Lusa nodded in agreement. Nick looked at her for the longest time until she smiled and said, “What?”
“Nothing,” he smiled back. Between all the fighting, fear, and frustration, he’d forgotten how pretty she was. He wished he could say it. Now wasn’t the time. “So, to Fairbanks then,” he pronounced.
Then the pleasant expression on Lusa’s face shifted.
“What is it?” he asked.
She pursed her lips together, as if she knew he wouldn’t like what she had to say and he would have to pry it out of her. Finally, she said, “There’s a village on the way. I want to stop and warn them.”
Nick bit his tongue. He wanted to lash out, and he was shocked at his own ability to leap from one emotional extreme to another. He told himself they were just tired and stressed out. He exhaled and asked as patiently as he could muster, “Where is it?”
She raised her command display and pointed to a waypoint on the map. “I was going to stop here myself, before you came. And since Vaughn suggested this route, it’s actually on the way.”
That wasn’t exactly true; the village was slightly off to the southeast of their trajectory, but it wasn’t far out of the way. And Nick didn’t want more conflict. He glanced over at the drones who had no trouble filling their stomachs with the prepackaged years-old food. They were the work animals, and they would do all the heavy lifting, Nick knew—including carrying Erin.

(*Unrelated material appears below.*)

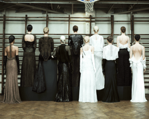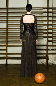 Oh, don’t we just all love Givenchy? Riccardo Tisci can do no wrong, really, especially in his couture, which always has some of the most exquisite pieces from all the couture shows. This season, he went a bit darker, much darker, in fact. But the non-whiteness of the clothes didn’t make them any less beautiful. I fact, it was sort of refreshing to see him do something so dark for Couture. His inspiration came from two 1920’s films, making it clear where the art-deconess of it all came from. Though neither films were related to bugs, his models, with their giant nose adornments, almost looked like them. Maybe he and Giorgio conferenced on colors inspirations. A bit should be said about the crocodile (seriously, everyone is lovin this shit right now) which was, for a long and clingy dress, cut into the individual scales, numbered, belched, dyed, and resewn one by one onto a tulle body stocking. While Karl was busy erecting his plane with his free 350 hours, Tisci was busy making one of the most beautiful dresses he’s ever made (until next season, at least). I’ll be honest and say I don’t understand the basketballs, but maybe that came from one of his movies. Let’s all run and watch them now, then maybe we can understand too.

“Alright. We can stop and warn them,” he agreed. “But you realize, we don’t even know where the emergents are right now. We’re having to go by what Vaughn tells us. Lusa, we can’t promise them anything.”
She nodded, and he knew she understood that Vaughn, who would have left her to die if it hadn’t been for Nick, would undoubtedly sacrifice her people if saving them wasn’t expedient.
“We won’t stay long,” she promised.
CHAPTER 18
WHEN LUSA TOLD Nick they were getting close to the village, he was surprised. He didn’t see any mountains nearby, and he wondered if the natives had built here by choice, or if all the mountain tops had been spoken for and this was the cheap real estate. His tired mind even started to mention this to Lusa, as if she’d find it humorous, but he kept his mouth shut. And soon he would be glad he did.
The walk had been monotonous. Long walks always were, but when the scenery was the same old dull, flat grassland for as far as the eye could see, it seemed endless. Though the sun wouldn’t set for some time, Nick’s growling stomach told him it was nearly suppertime. He hoped the natives were cooking when they arrived. He hoped it was something similar to what Lusa’s people had served him and Jimmy over one year ago when they’d first been taken to Pete’s village. He could still smell the bread and meat. He remembered thinking it was the best tasting food he’d ever eaten.